Background: The peptide glucagon-like peptide-1 (GLP-1) is a hormone secreted by intestinal L cells in response to food intake. GLP-1 has been proposed as the basis of emerging therapy for patients with type 2 diabetes. However, the effects of GLP-1 on vascular injury in diabetes have not been identified. Advanced glycation end products (AGEs) induce endothelial cell apoptosis and have been implicated in the process of vascular complications from diabetes.
Material/methods: The aim of this work was to investigate whether and how GLP-1 protects endothelial cells from apoptosis induced by AGEs. Human umbilical vein endothelial cells (HUVECs) were treated with AGEs (200 µg/mL) for 48 h in the presence or absence of GLP-1. Cell morphology, viability, apoptosis, ratio of Bcl-2 protein to Bax protein, cytochrome c release, and activity of caspase-9 and -3 were determined.

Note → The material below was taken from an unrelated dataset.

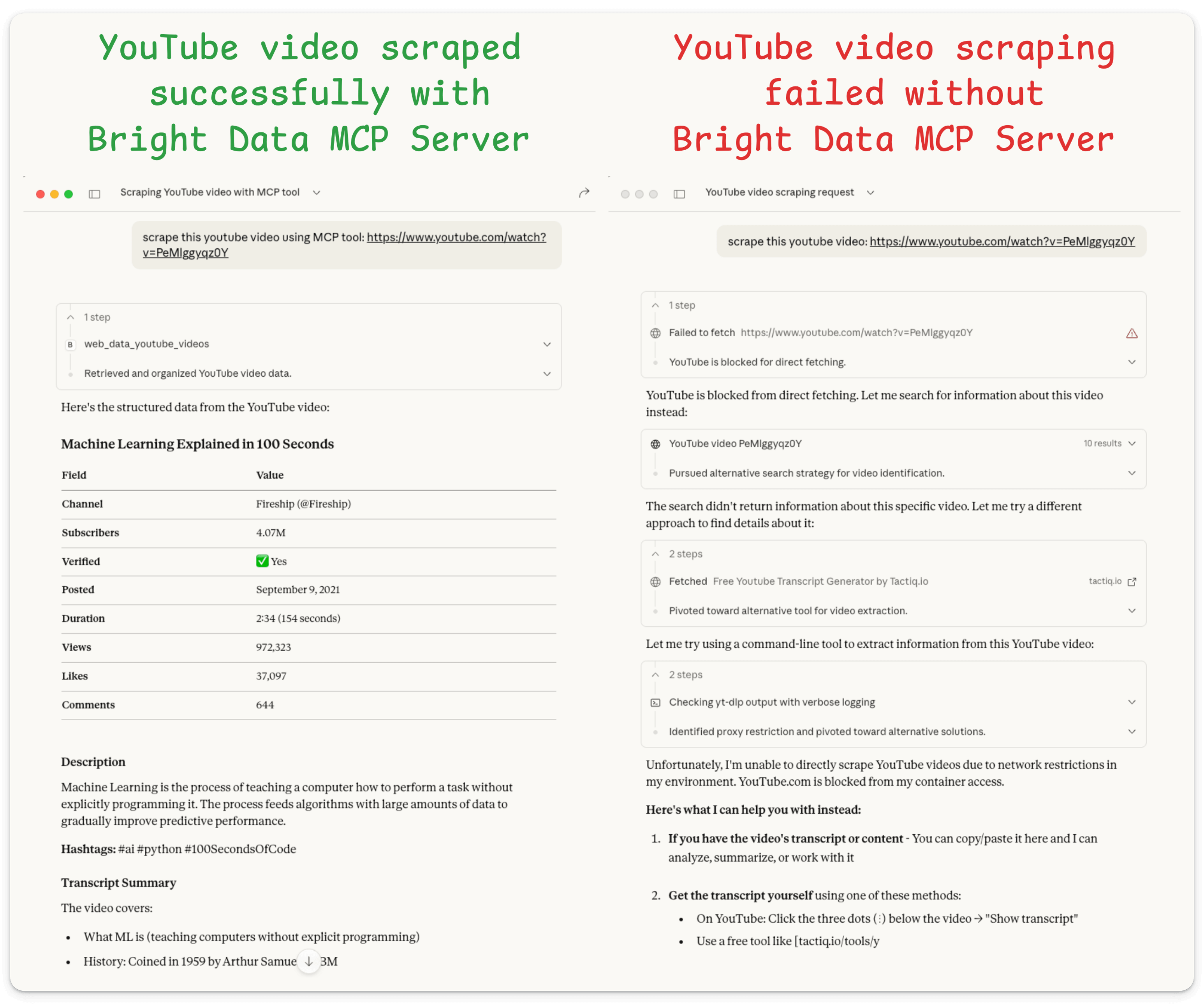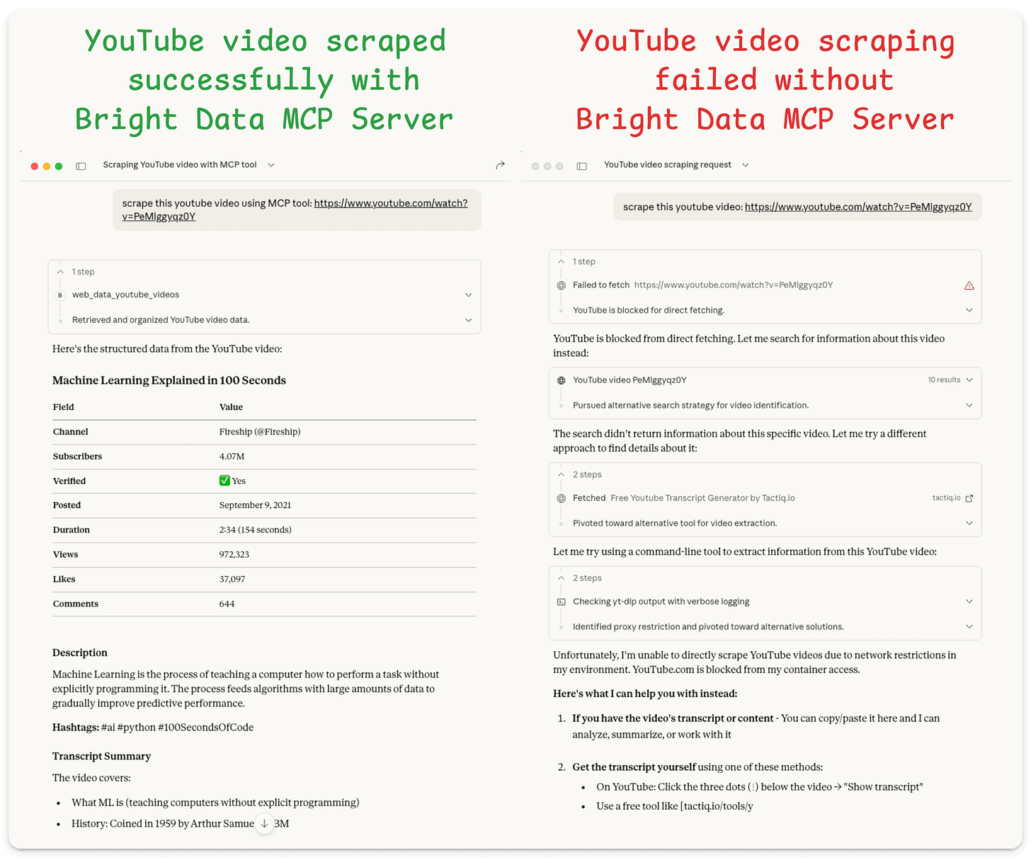 Yet again, we test this on a protected website (YouTube) and the MCP server successfully scrapes the data, which Claude alone failed to do:

Results: Treatment of cells with AGEs led to cell morphology changes and decreased cell viability, resulting in apoptosis. GLP-1 alone increased cell viability in a concentration-dependent manner. GLP-1 partially inhibited AGEs-induced apoptosis in HUVECs. GLP-1 increased Bcl-2/Bax ratio, reduced cytochrome c levels in the cytoplasm, and reduced the activity of caspase-9 and -3 in AGEs-treated HUVECs.
Conclusions: AGEs induces apoptosis via the mitochondrion-cytochrome c-caspase protease pathway, and GLP-1 protects endothelial cells by interfering with this mechanism. GLP-1 may represent an anti-apoptotic agent in the treatment of vascular complications arising from diabetes.